I am pleased to inform you that you currently hold 18,087.71 Tesla shares valued at $4,124,270.00, with each share priced at $228.0 (TSLA). This substantial holding represents a significant valuation in your investment portfolio.
I kindly request that you acknowledge the importance of this communication and respond promptly to this email for further instructions, Please take this email seriously and respond to this email: REDACTED 'CUZ IT’S MINE!!! IT’S ALL MINE!!!
Warm regards,
Elon Musk
We’re going to need you to troll them back, and report here for our amusement.
Oh yeah? Well I got one from a Nigerian PRINCE… beat that!!!
My gf and I walked in to a nearby Shoppers Drug Mart (like CVS or Walgreens). The blonde girl behind the cosmetics counter smiled at me and said “Hello”. So hawt…
She had you at…
I’m waiting in line at sbux. A young, lady EMT walks in to get her take out order. Instead of going out the door, she circles back in behind me to look at the items on the shelf. She was checking out the goods, IYKWIM.

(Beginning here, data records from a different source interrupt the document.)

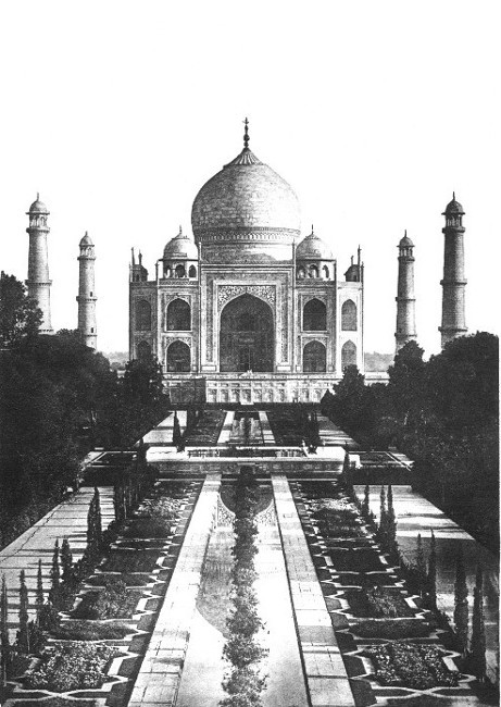Few if any buildings in the world have been the subject of such praise as that bestowed upon the Taj Mahal ("Gem of Buildings"). Travelers,[2] painters, authors, and poets have all sought to express in word or color the indefinable charm of this gem of Indian art. Built at Agra, in India, by the great mogul of Delhi, Shah Jahan, as a tomb for his favorite wife, Mumtaz Mahal, the Taj is a veritable translation into stone of human remembrance and affection. It was begun in 1632, and was completed in twenty-two years. The material of which it is built is pure white marble, and inlaid in its walls are jaspers, agates, and other stones in marvelous designs. But it is perhaps the dome that gives the greatest beauty to this tomb. Of typical Eastern shape, it rises a mass of white against the deep blue of the Indian sky, or shines like silver in the radiance of the Indian moon.
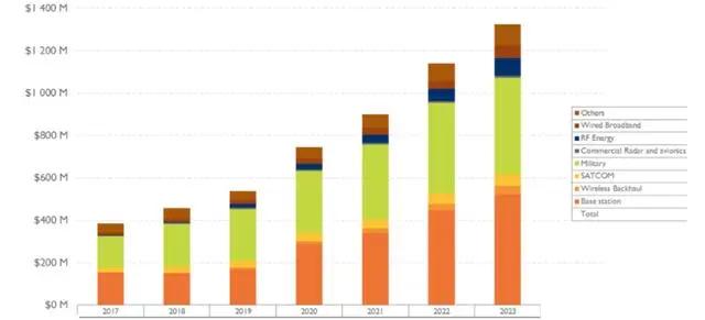 全球每年新建約150萬座基站,未來5G網絡還將補充覆蓋區域更小、分布更加密集的微基站,對GaN器件的需求量將大幅增加。此外,國防市場在過去幾十年里一直是氮化鎵開發的主要驅動力,目前已用于新一代空中和地面雷達。
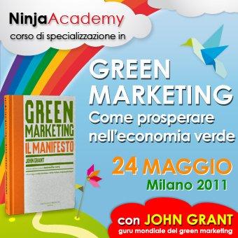 John Grant, grazie al suo prezioso intervento, ci insegnerà che il Green, se pensato e implementato correttamente, può diventare un'opportunità, un generatore di nuove idee, innovazioni e nuovi segmenti di mercato. Ci renderemo conto che chi non vivrà il Green in modo proattivo non solo non riuscirà a trarre beneficio dai cambiamenti attuali, ma addirittura metterà a rischio la sopravvivenza aziendale. Grant ci insegnerà, inoltre, come l'utilizzo dei social media possa relazionarsi con le tematiche Green creando delle vere e proprie community attorno ad iniziative di stampo ecosostenibile.
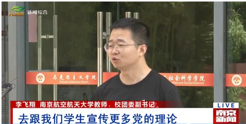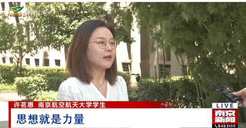 6月6日,南京广播电视台的《南京新闻》“理论宣讲大篷车开进田间地头 宣讲党的创新理论”报道中,采访了葡京官网教师李飞翔和研究生许茗惠同学关于理论专题片《思想的力量》的观看学习体会。

You should be in the Starbucks Hall of Fame / Ring of Honor/ whatever they call it. My vote is Hallowed Grounds
A high school girl held the door open for me aaaaaaand my gf when we were leaving sbux!!!
“It’s going to be sticky and weird.”
Nurse after administering dilating drops. The ophthalmologist was easy on the eyes too, IYKWIM.
I can only imagine what it’s like to have sex with an eye doctor. “Is that better? Is that better?”
Which is better? Number 1 or number 2?
Which is better? Number 3 or number 4?
The sausage guy at the farmers market asked me if I was a fan of sausage. He gave me a sample of his sausage. Yeeeeah, buddy!!
My neighbour’s cat licked my hand and started going up my arm!!!
Table of women told me they like me better than the other trivia host. (We each work there every other week)
To make it less significant (or, more insignificant?), they are all gay. (Their word, not mine)
No popcorn needed. very insignificant. (Though a few of them are quite fetching. And as smooth and well-endowed as I am, I don’t think I’m getting any of them to change teams…)
I texted my neighbour about seeing the skunk waddling under his fence. Instead of “Oh dear”, his reponse was “Ok dear!”.